The lines below, from the first through the one containing "Stereoview on salmon", are to be given again exactly, with pictures left out and nothing added.
________________
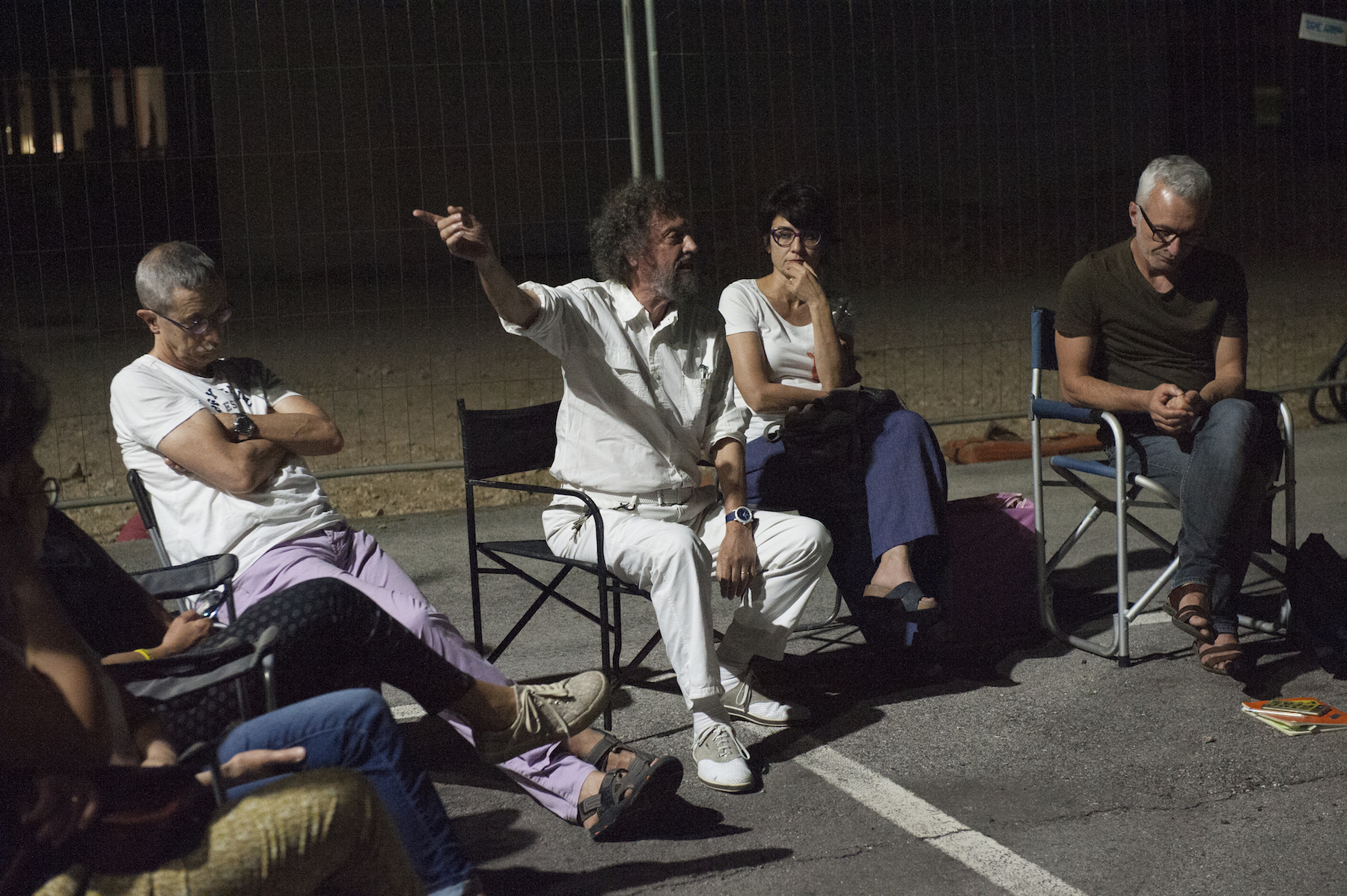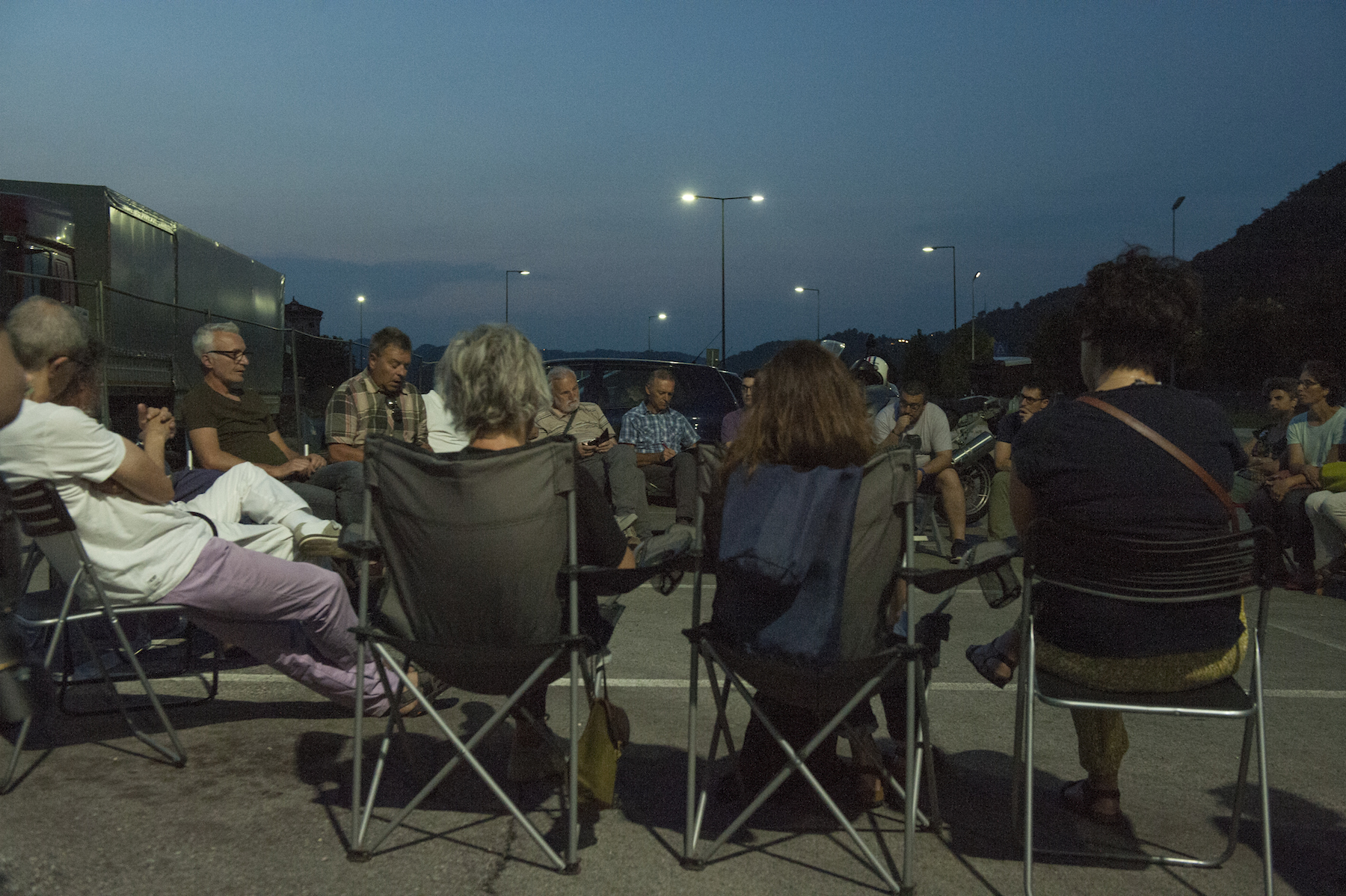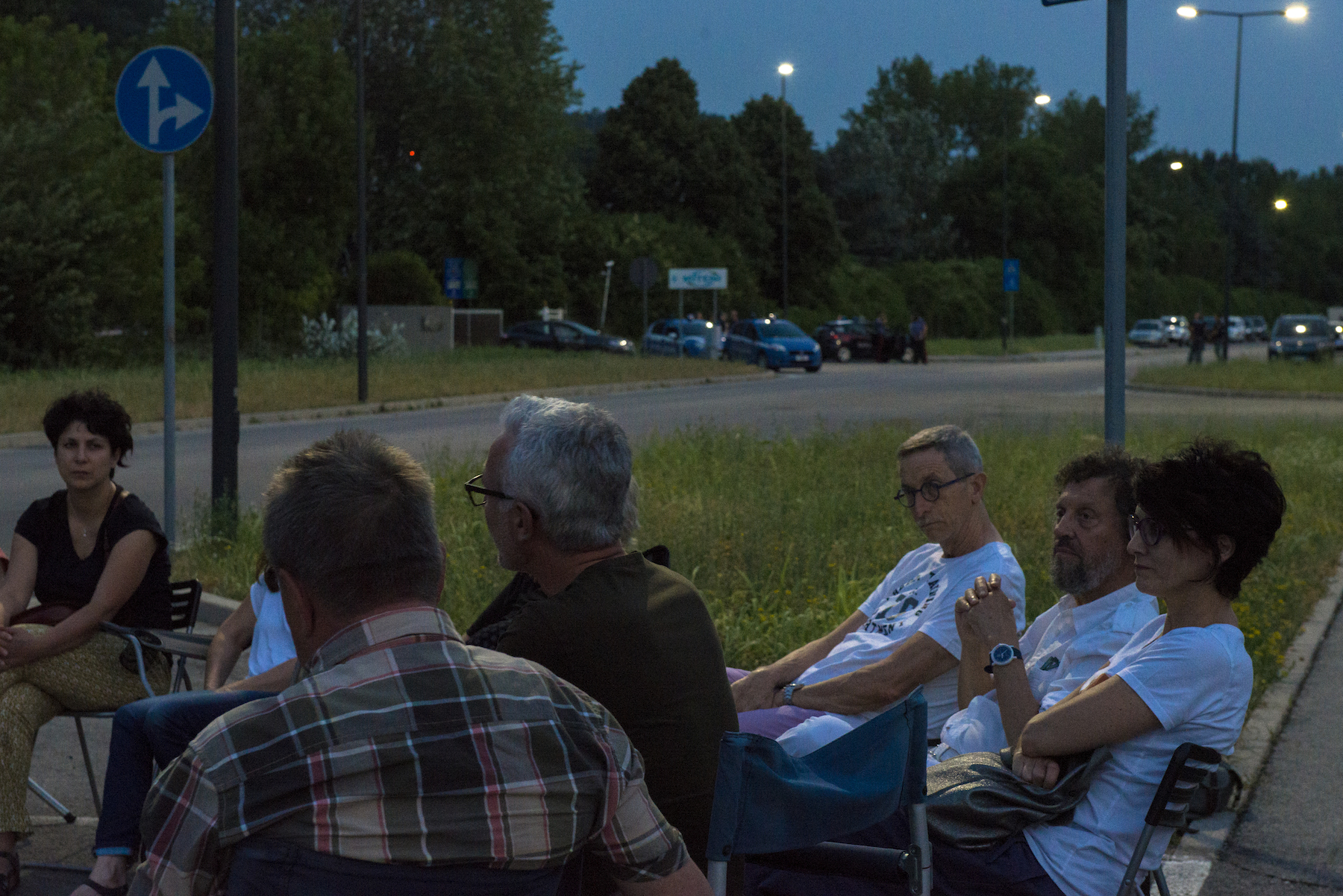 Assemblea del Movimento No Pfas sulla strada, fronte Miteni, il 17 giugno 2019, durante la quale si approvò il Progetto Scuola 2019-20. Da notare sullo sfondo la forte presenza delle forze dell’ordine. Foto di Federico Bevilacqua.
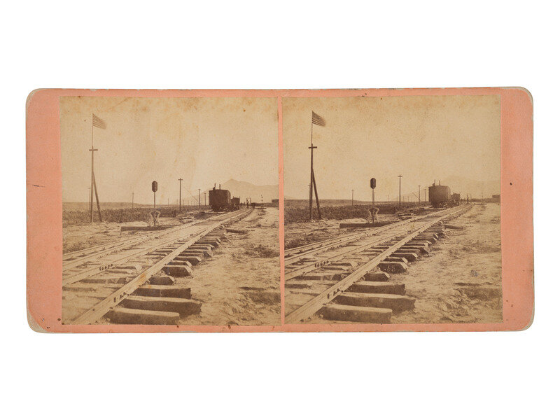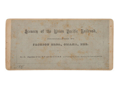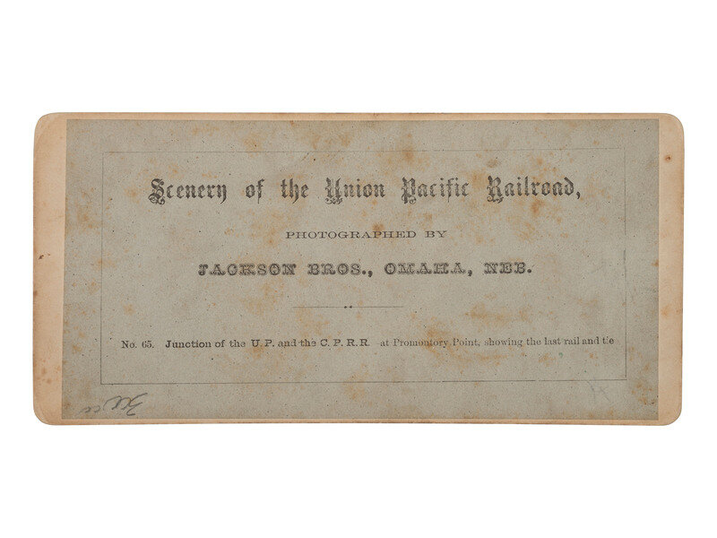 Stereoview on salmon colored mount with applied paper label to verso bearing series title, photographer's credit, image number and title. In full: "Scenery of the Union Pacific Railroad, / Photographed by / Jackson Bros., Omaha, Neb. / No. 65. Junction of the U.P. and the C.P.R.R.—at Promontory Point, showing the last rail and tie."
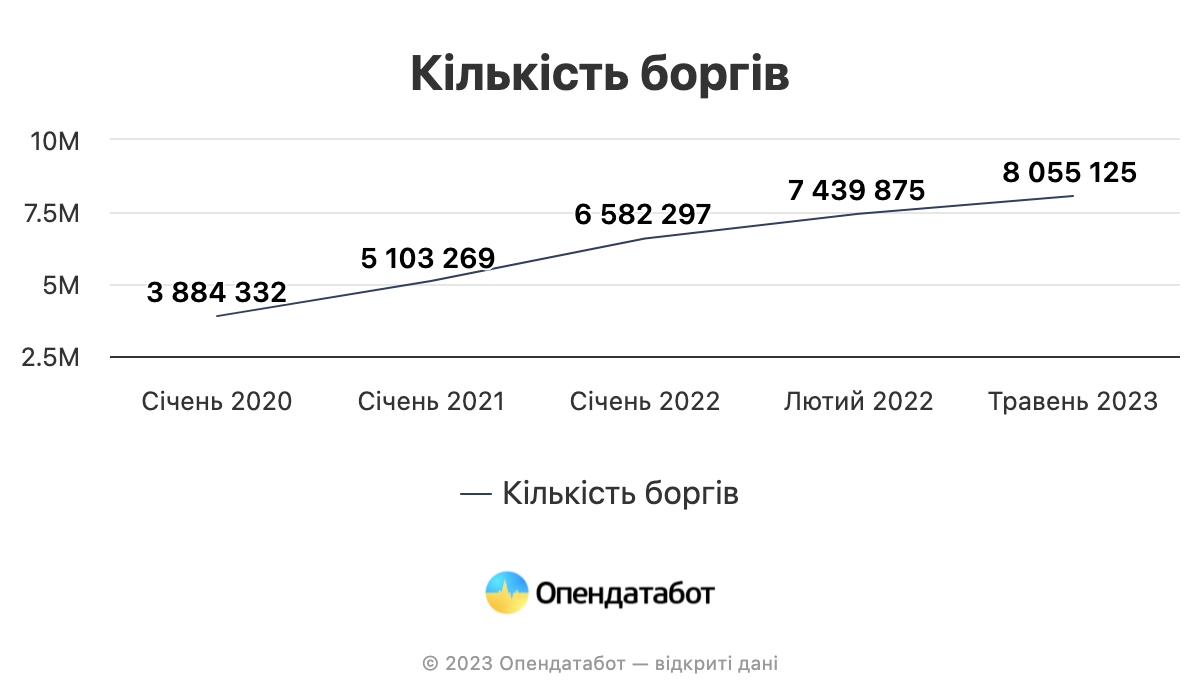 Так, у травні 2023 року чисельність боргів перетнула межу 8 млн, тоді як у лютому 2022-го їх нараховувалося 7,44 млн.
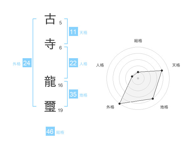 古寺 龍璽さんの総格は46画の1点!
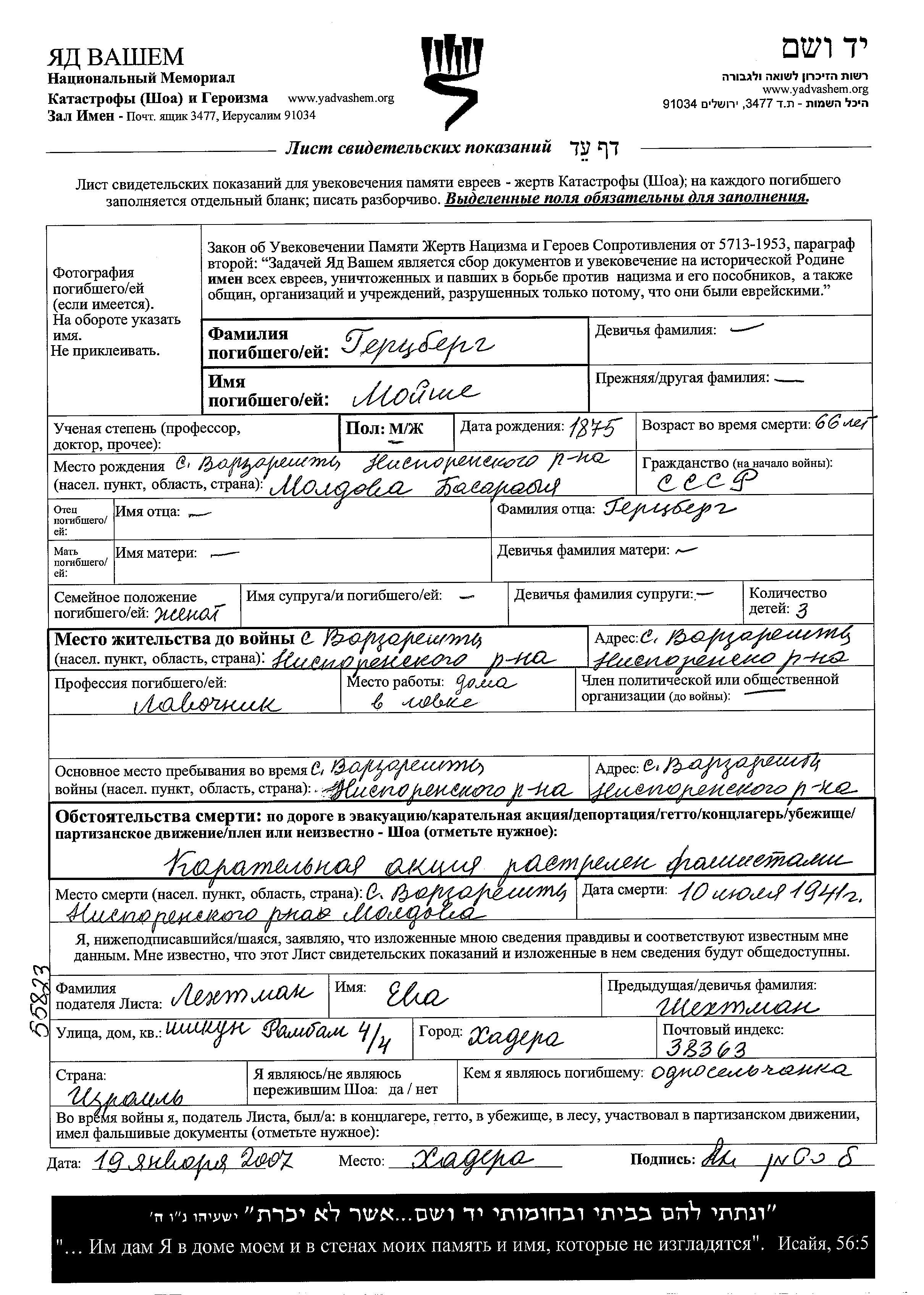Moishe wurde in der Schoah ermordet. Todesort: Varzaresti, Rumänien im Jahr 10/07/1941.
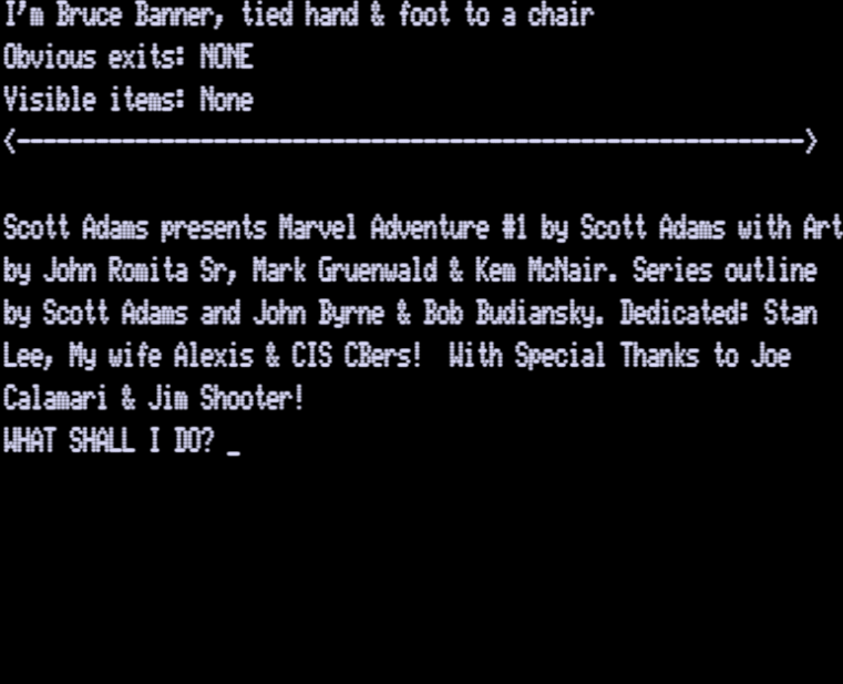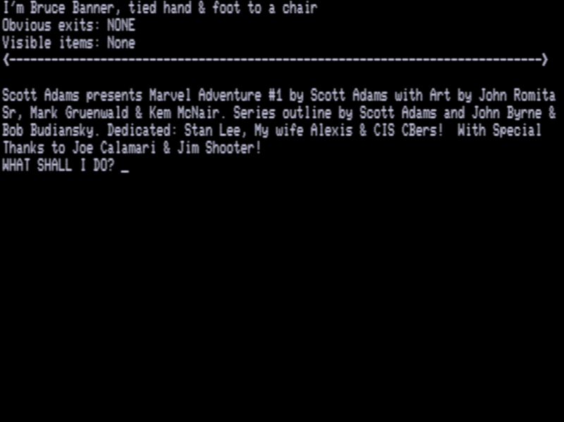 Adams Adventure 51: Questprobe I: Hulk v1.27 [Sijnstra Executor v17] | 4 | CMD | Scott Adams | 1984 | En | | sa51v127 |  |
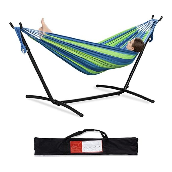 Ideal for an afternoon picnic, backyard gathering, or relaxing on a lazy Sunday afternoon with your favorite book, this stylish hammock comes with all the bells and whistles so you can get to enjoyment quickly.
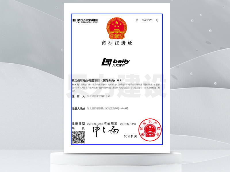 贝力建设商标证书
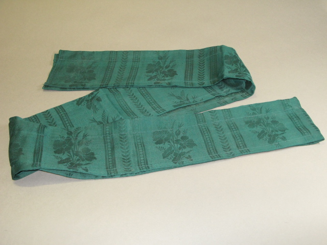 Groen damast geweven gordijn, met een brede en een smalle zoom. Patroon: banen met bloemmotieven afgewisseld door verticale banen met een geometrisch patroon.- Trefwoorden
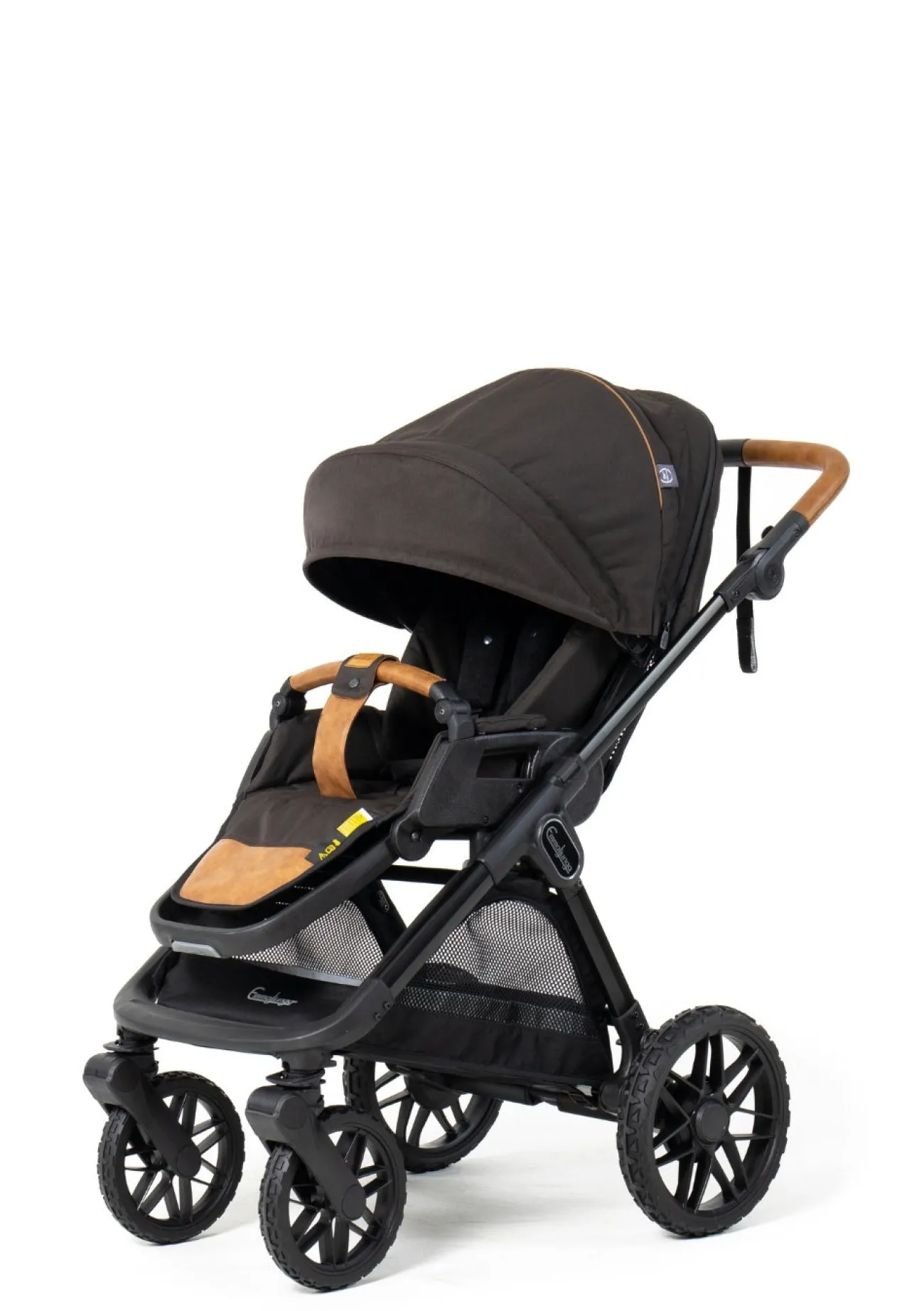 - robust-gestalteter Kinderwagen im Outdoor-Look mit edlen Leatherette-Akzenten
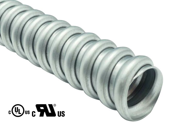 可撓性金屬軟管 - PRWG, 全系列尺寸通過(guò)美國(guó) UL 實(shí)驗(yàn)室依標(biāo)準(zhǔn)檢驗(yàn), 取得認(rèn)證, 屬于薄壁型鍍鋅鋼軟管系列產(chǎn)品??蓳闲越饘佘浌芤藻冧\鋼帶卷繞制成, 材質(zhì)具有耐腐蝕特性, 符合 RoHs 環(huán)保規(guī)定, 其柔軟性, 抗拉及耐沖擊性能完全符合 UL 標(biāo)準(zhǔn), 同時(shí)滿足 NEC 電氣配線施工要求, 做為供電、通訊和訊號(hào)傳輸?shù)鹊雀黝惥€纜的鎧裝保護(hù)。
________________
* [REPLY TO THE TASK]:
 Assemblea del Movimento No Pfas sulla strada, fronte Miteni, il 17 giugno 2019, durante la quale si approvò il Progetto Scuola 2019-20. Da notare sullo sfondo la forte presenza delle forze dell’ordine. Foto di Federico Bevilacqua.
 Stereoview on salmon colored mount with applied paper label to verso bearing series title, photographer's credit, image number and title. In full: "Scenery of the Union Pacific Railroad, / Photographed by / Jackson Bros., Omaha, Neb. / No. 65. Junction of the U.P. and the C.P.R.R.—at Promontory Point, showing the last rail and tie."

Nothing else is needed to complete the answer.